The Impact of the Patient Protection and Affordable Care Act on Job Creators and the Economy

July 25, 2012

The Patient Protection and Affordable Care Act (ACA) will radically transform the U.S. health care system. Arguably the most radical piece of legislation ever passed by Congress, the law seeks to provide health insurance to many Americans by requiring many employers to provide coverage. This provision, however, threatens the fragile economic recovery in the United States, says John C. Goodman, president of the National Center for Policy Analysis and a research fellow with the Independent Institute.

This is first true when mandated coverage is understood as a raise to the minimum wage. Economists have found that noncash benefits typically substitute dollar-for-dollar with real cash wages. Thus, the cost to the employer of providing coverage will be taken directly from potential wages.

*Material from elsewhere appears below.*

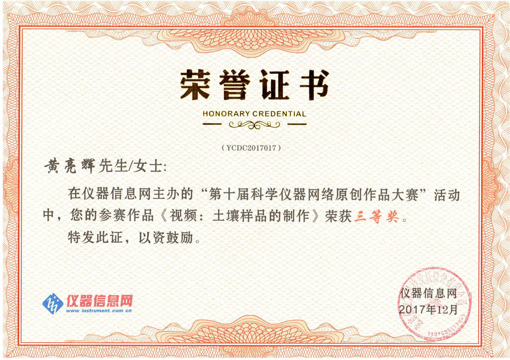 此外,廣電計量環保檢測技術工程師黃亮輝憑借原創視頻《土壤樣品制備》,在763篇作品中脫穎而出,榮獲科學儀器年度網絡原創作品大賽三等獎。作品用清晰專業的視頻視角解讀了工作量巨大、實際操作困難的土壤樣品制備過程,其完整的內容、專業的講解為行業人員提供了較高的參考價值。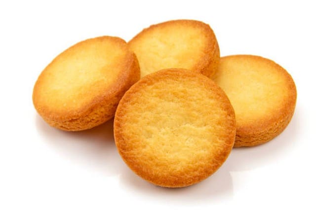 600 g de farine, 300 g de sucre en poudre, 1 dl de crème double, 200 g de beurre, 4 jaunes d'oeufs, 1 verre d'eau de vie, 1/4 de livre d'amandes mondées. Cuisson: 20 minutes.

  • The Congressional Budget Office (CBO) estimates the average annual cost of a minimum benefit package at $4,500 to $5,000 for individuals and $12,000 to $12,500 for families in 2016.
  • That translates into a minimum health benefit of $2.28 an hour for full-time workers with individual coverage and $5.89 an hour for full-time employees with family coverage.
  • Thus, the minimum cost of labor will be a $7.25 cash minimum wage and a $5.89 health minimum wage (family), for a total of $13.14 an hour or about $27,331 a year.
  • Any worker whose productivity level is below this wage will be hard-pressed to find a job.
  • Further, employers will be further incentivized to invest in capital that can perform simple tasks and price low-skilled workers out of the market entirely.

Aside from this impact on the labor market, Americans will also face a new economic burden in the form of taxes. Both direct and indirect (felt through higher prices passed onto customers), these taxes will stifle economic growth.

  • Americans and American businesses will face more than $500 billion in 19 new types of taxes and fees over the next decade to fund health reform.
  • According to the Joint Committee on Taxation, about 73 million taxpayers earning less than $200,000 will see their taxes rise.
  • Additionally, the law's tax on medical devices will cost 45,661 jobs across that industry alone, according to former chief Labor Department economist Diana Furchtgott-Roth.

Source: John C. Goodman, "The Impact of the Patient Protection and Affordable Care Act on Job Creators and the Economy," testimony before the U.S. House Committee on Oversight and Government Reform, National Center for Policy Analysis, July 10, 2012.